Un fuerte terremoto se sintió en abril de 2009 en la frágil región de L’Aquila, zona entre rural y urbana que se halla no lejos del macizo montañoso conocido como Gran Sasso. Entonces murieron más de 300 personas, otras dos mil resultaron heridas y la sociedad sufrió cuantiosos daños materiales y emocionales. Días antes, el comité de expertos en Ciencias de la Tierra que formaba parte de la Agencia de Desastres italiana había expresado sus dudas ante la probabilidad de que ocurriera un sismo de grandes proporciones, pues una interpretación común de la teoría de placas tectónicas supone que la microsismicidad libera energía. Pero la naturaleza no es un ingeniero avezado o un adversario astuto, ni siquiera una entidad perversa e ingeniosa, sino una mezcla de eventos azarosos que se mueven en un espacio y tiempo acotados. A diferencia del clima visible, los sismos se mueven invisibles bajo nuestros pies. Hace unos días, a los expertos se les acusó de “dar información inexacta, incompleta y contradictoria” negligencia y engaño, y fueron sentenciados a purgar seis años de prisión.
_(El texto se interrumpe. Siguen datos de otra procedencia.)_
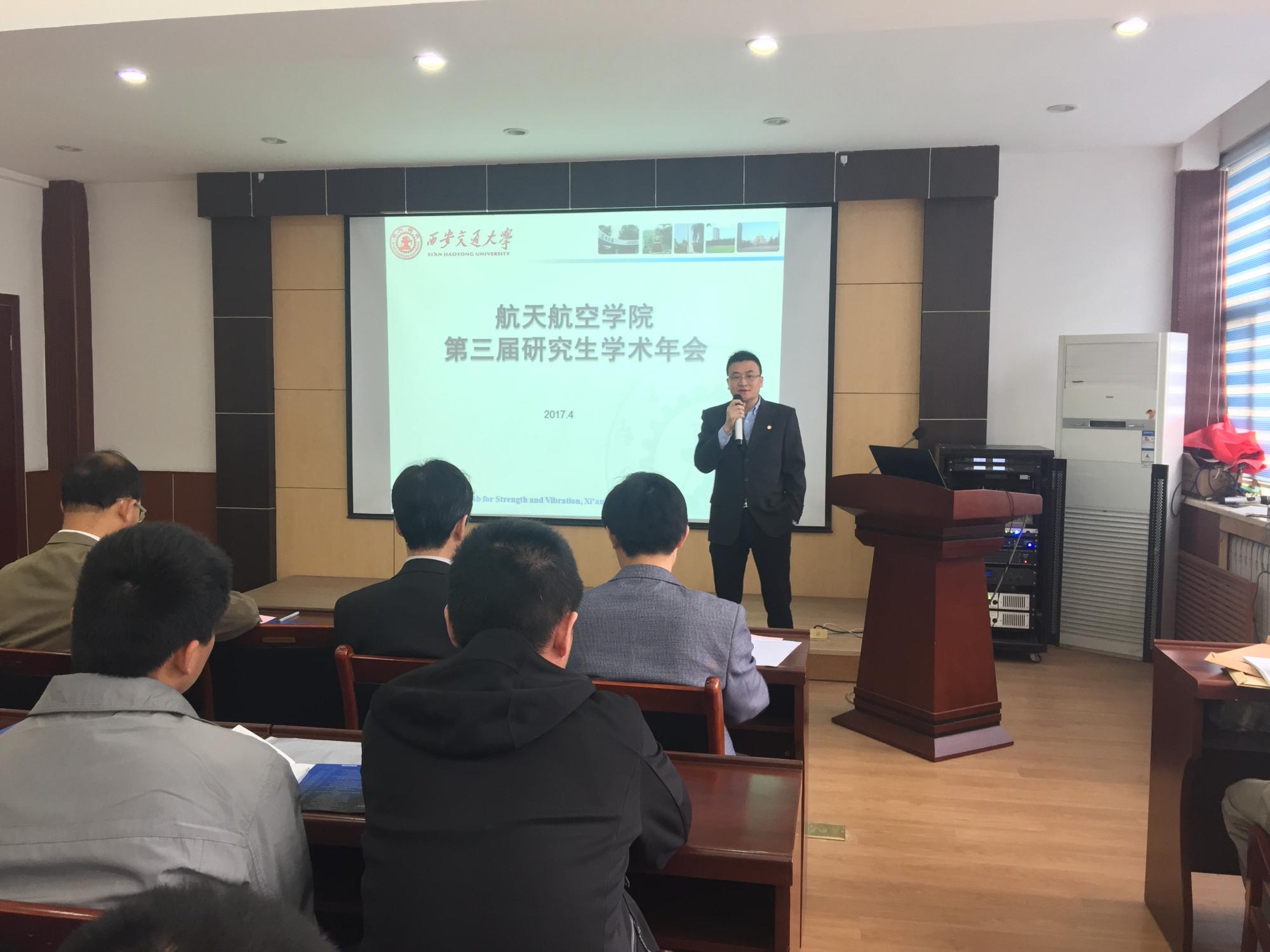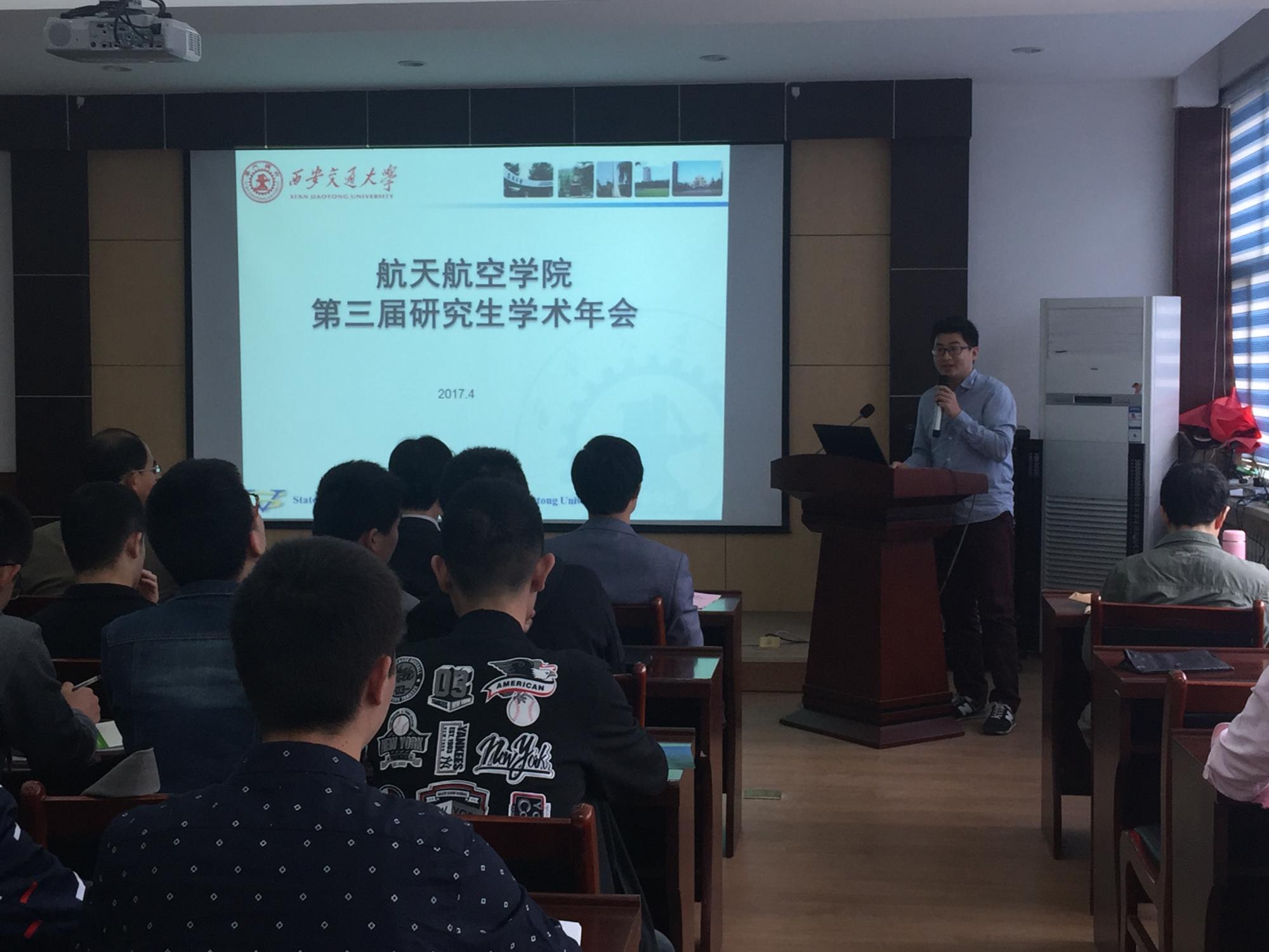 2017年4月26日上午8:30,色情网 第三届研究生学术论坛在学院第五会议室隆重举行。出席此次学术年会开幕式的领导有航天学院院长申胜平教授、航天学院党委书记徐自力教授、副院长李跃明教授、党委副书记陈永华副教授,空军工程大学航空航天工程学院研究生大队三队队长周友运中校,参加此次开幕式的还有空军工程大学、西北工业大学以及我校航天学院的研究生代表等。

No cabe duda que los humanos sentimos especial gusto por los clisés, los cuales muchas veces determinan nuestras vidas. Gracias a los medios de comunicación masiva y a la fe en una cultura tecnocrática, hedonista, triunfalista, mucha gente está convencida de que la ciencia es la nueva religión: si no le haces caso, estás fuera de moda y de este mundo. Lo que empezó como una recomendación con base en datos “fríos”, se convirtió en una certeza, “pues lo dijeron los científicos”. Poco después, los investigadores de una de las disciplinas del conocimiento menos exactas, la predicción de sismos y, peor aún, de su intensidad, fueron acusados por familiares dolidos que necesitaban de un culpable para acompañar su duelo, y contaron con la asesoría de abogados briosos en busca de nuevos litigios. Luego de la sentencia punitiva, el fin de semana el profesor Luciano Maiani, presidente de la Agencia, así como otros funcionarios de esa dependencia, presentaron su renuncia.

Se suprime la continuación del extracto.